=== What is expected ===
Any image in the records is to be skipped; everything else should be reproduced exactly.

____ Given records

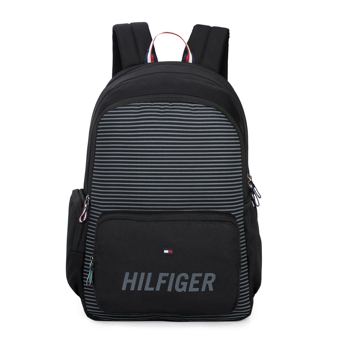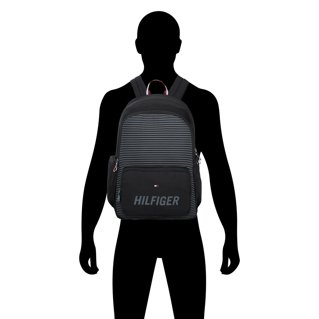 Crafted with utmost precision Tommy Hilfiger Vulcan sustainable backpack is the perfect partner in routine. The backpack strives to withstand by your side through dusk till dawn and throughout every season. Not only is it made from recycled fabric which makes it good for the planet, but also it aims to better protect your bag with water-resistant material and a dedicated rain cover. Carry your style wherever you go with cushioned adjustable shoulder straps and stand-out of the crowd with the beautiful striped design. This sustainable bag comes in three elegant colors: Navy blue, burgundy and black. #Travelwithstyle and versatility with the Tommy Hilfiger Vulcan Sustainable Backpack.
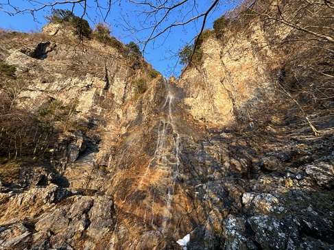雌滝の上流には木々の間に雄滝も見え、奥行き感も凄い。
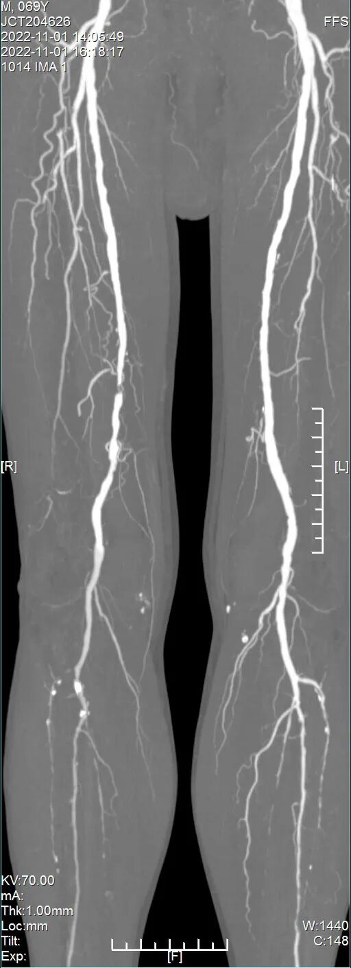 CTA:腹主动脉及双下肢动脉动脉粥样硬化改变,右股动脉中下段、胫后动脉起始段局部管腔重度狭窄。余管腔多发轻-中度狭窄(图1)。
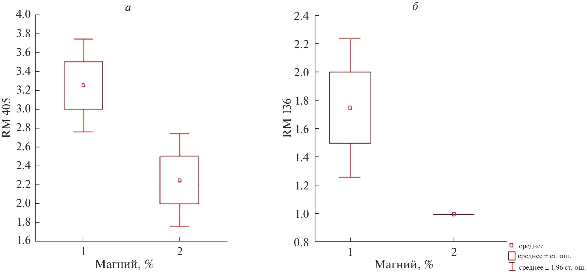 There has been a wide variation in the content of micro and macro elements, both between subspecies and within rice species and varieties. Magnesium as a cofactor is involved in more than 300 enzymatic reactions and is necessary for growth and development of both plants and humans. It affects carbohydrate and protein metabolism. Both adenosine triphosphate (ATP) production, nucleotide and glucose synthesis, and lipid oxidation regulation depend on its concentration. Calcium is also essential for the formation of cell wall structure and cell division. High concentrations of calcium change the composition and condition of red blood cell membranes and cell morphological characteristics. At the same time the variability in signs of domestic rice varieties has not yet been studied. There have been no studies on the localization of chromosomal regions responsible for the formation of traits of magnesium and calcium content in rice samples. Wide variation in calcium content (0.07–2.33%) and magnesium content in rice samples (2–14%) was established. Contrasting groups of varieties and sources by signs were identified. A search for chromosomal regions determining the quality of domestic samples was carried out using 58 molecular markers distributed across the rice genome (SSR). The data on phenotyping of native rice varieties by quality signs were used to divide them into groups with maximum trait value (1) and minimum trait value (2). The relationship between phenotypic manifestation of the trait and the genotype of the sample was established: by means of analysis of variance. Eight loci determining magnesium and calcium content in native rice varieties – were identified. The loci determining magnesium content are located on chromosomes 5, 6, 7, 8. Four loci associated with calcium content were identified two on the second chromosome and one each on the eighth and fifth chromosomes. On the fifth chromosome, it is located (RM 13, 28.6 cM) in close proximity to the RM 405 marker region (28 cM), which is connected with magnesium content.
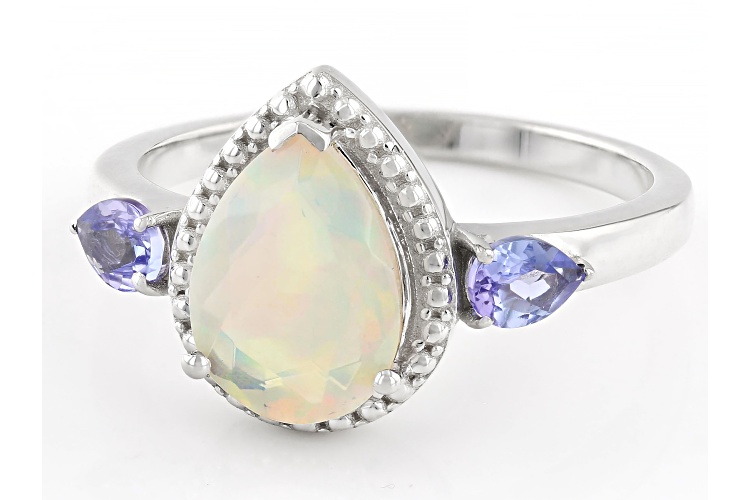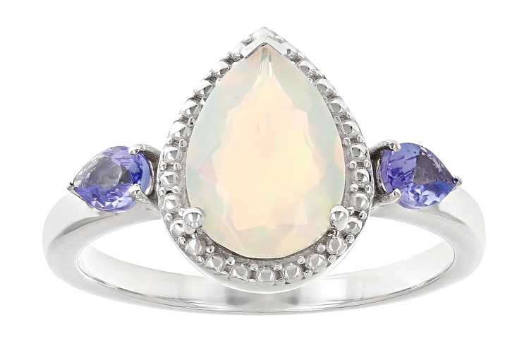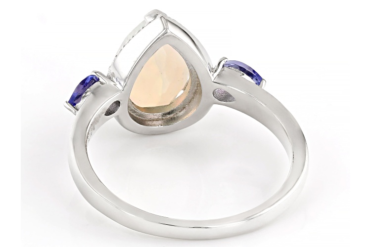 0.90ct Pear Shape Ethiopian Opal With 0.30ctw Pear Shape Tanzanite Platinum Over Sterling Silver Ring. Measures Approximately 0.70"L x 0.48"W. Not Sizeable.
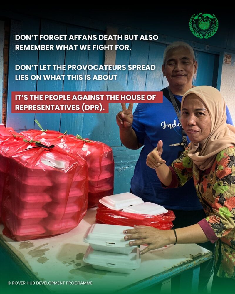 Jakarta — Di tengah demonstrasi yang terus berlangsung di Jakarta, The Rover Hub Development Program (RHDP) menyatakan solidaritas penuh kepada rakyat Indonesia yang menuntut keadilan, kesetaraan, dan akuntabilitas dari para pemimpinnya.
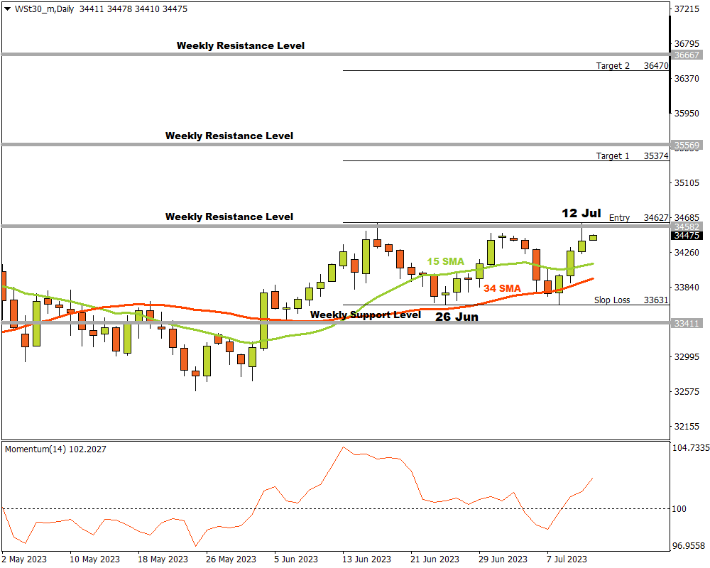 If the bulls can drive the price above the weekly resistance level and specifically a critical resistance that formed on 12 July at 34627, then two possible targets become possible from there.
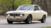 This 1966 Alfa Romeo GT 1300 Junior is finished in light yellow over black vinyl and is powered by a replacement 1.6-liter inline-four paired with a five-speed manual transmission. Equipment includes BWA wheels, disc brakes, and twin Weber carburetors. The car was sold new in Catania, Italy on December 22, 1966, and was acquired by the seller from a family member in 1996. Maintenance in 2019 reportedly included an oil change, tune-up, and carburetor rebuild.
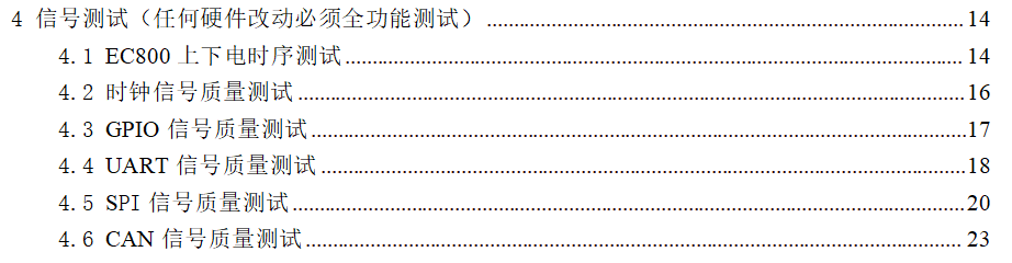 第四部分主要包括以下内容,主要涉及各个各个通讯,IIC、485、CAN、UART、时钟等的信号质量测试、还有小系统的上下电时序测试等等。

________

=== Reply to the task ===
 Crafted with utmost precision Tommy Hilfiger Vulcan sustainable backpack is the perfect partner in routine. The backpack strives to withstand by your side through dusk till dawn and throughout every season. Not only is it made from recycled fabric which makes it good for the planet, but also it aims to better protect your bag with water-resistant material and a dedicated rain cover. Carry your style wherever you go with cushioned adjustable shoulder straps and stand-out of the crowd with the beautiful striped design. This sustainable bag comes in three elegant colors: Navy blue, burgundy and black. #Travelwithstyle and versatility with the Tommy Hilfiger Vulcan Sustainable Backpack.
雌滝の上流には木々の間に雄滝も見え、奥行き感も凄い。
 CTA:腹主动脉及双下肢动脉动脉粥样硬化改变,右股动脉中下段、胫后动脉起始段局部管腔重度狭窄。余管腔多发轻-中度狭窄(图1)。
 There has been a wide variation in the content of micro and macro elements, both between subspecies and within rice species and varieties. Magnesium as a cofactor is involved in more than 300 enzymatic reactions and is necessary for growth and development of both plants and humans. It affects carbohydrate and protein metabolism. Both adenosine triphosphate (ATP) production, nucleotide and glucose synthesis, and lipid oxidation regulation depend on its concentration. Calcium is also essential for the formation of cell wall structure and cell division. High concentrations of calcium change the composition and condition of red blood cell membranes and cell morphological characteristics. At the same time the variability in signs of domestic rice varieties has not yet been studied. There have been no studies on the localization of chromosomal regions responsible for the formation of traits of magnesium and calcium content in rice samples. Wide variation in calcium content (0.07–2.33%) and magnesium content in rice samples (2–14%) was established. Contrasting groups of varieties and sources by signs were identified. A search for chromosomal regions determining the quality of domestic samples was carried out using 58 molecular markers distributed across the rice genome (SSR). The data on phenotyping of native rice varieties by quality signs were used to divide them into groups with maximum trait value (1) and minimum trait value (2). The relationship between phenotypic manifestation of the trait and the genotype of the sample was established: by means of analysis of variance. Eight loci determining magnesium and calcium content in native rice varieties – were identified. The loci determining magnesium content are located on chromosomes 5, 6, 7, 8. Four loci associated with calcium content were identified two on the second chromosome and one each on the eighth and fifth chromosomes. On the fifth chromosome, it is located (RM 13, 28.6 cM) in close proximity to the RM 405 marker region (28 cM), which is connected with magnesium content.
 0.90ct Pear Shape Ethiopian Opal With 0.30ctw Pear Shape Tanzanite Platinum Over Sterling Silver Ring. Measures Approximately 0.70"L x 0.48"W. Not Sizeable.
 Jakarta — Di tengah demonstrasi yang terus berlangsung di Jakarta, The Rover Hub Development Program (RHDP) menyatakan solidaritas penuh kepada rakyat Indonesia yang menuntut keadilan, kesetaraan, dan akuntabilitas dari para pemimpinnya.
 If the bulls can drive the price above the weekly resistance level and specifically a critical resistance that formed on 12 July at 34627, then two possible targets become possible from there.
 This 1966 Alfa Romeo GT 1300 Junior is finished in light yellow over black vinyl and is powered by a replacement 1.6-liter inline-four paired with a five-speed manual transmission. Equipment includes BWA wheels, disc brakes, and twin Weber carburetors. The car was sold new in Catania, Italy on December 22, 1966, and was acquired by the seller from a family member in 1996. Maintenance in 2019 reportedly included an oil change, tune-up, and carburetor rebuild.
 第四部分主要包括以下内容,主要涉及各个各个通讯,IIC、485、CAN、UART、时钟等的信号质量测试、还有小系统的上下电时序测试等等。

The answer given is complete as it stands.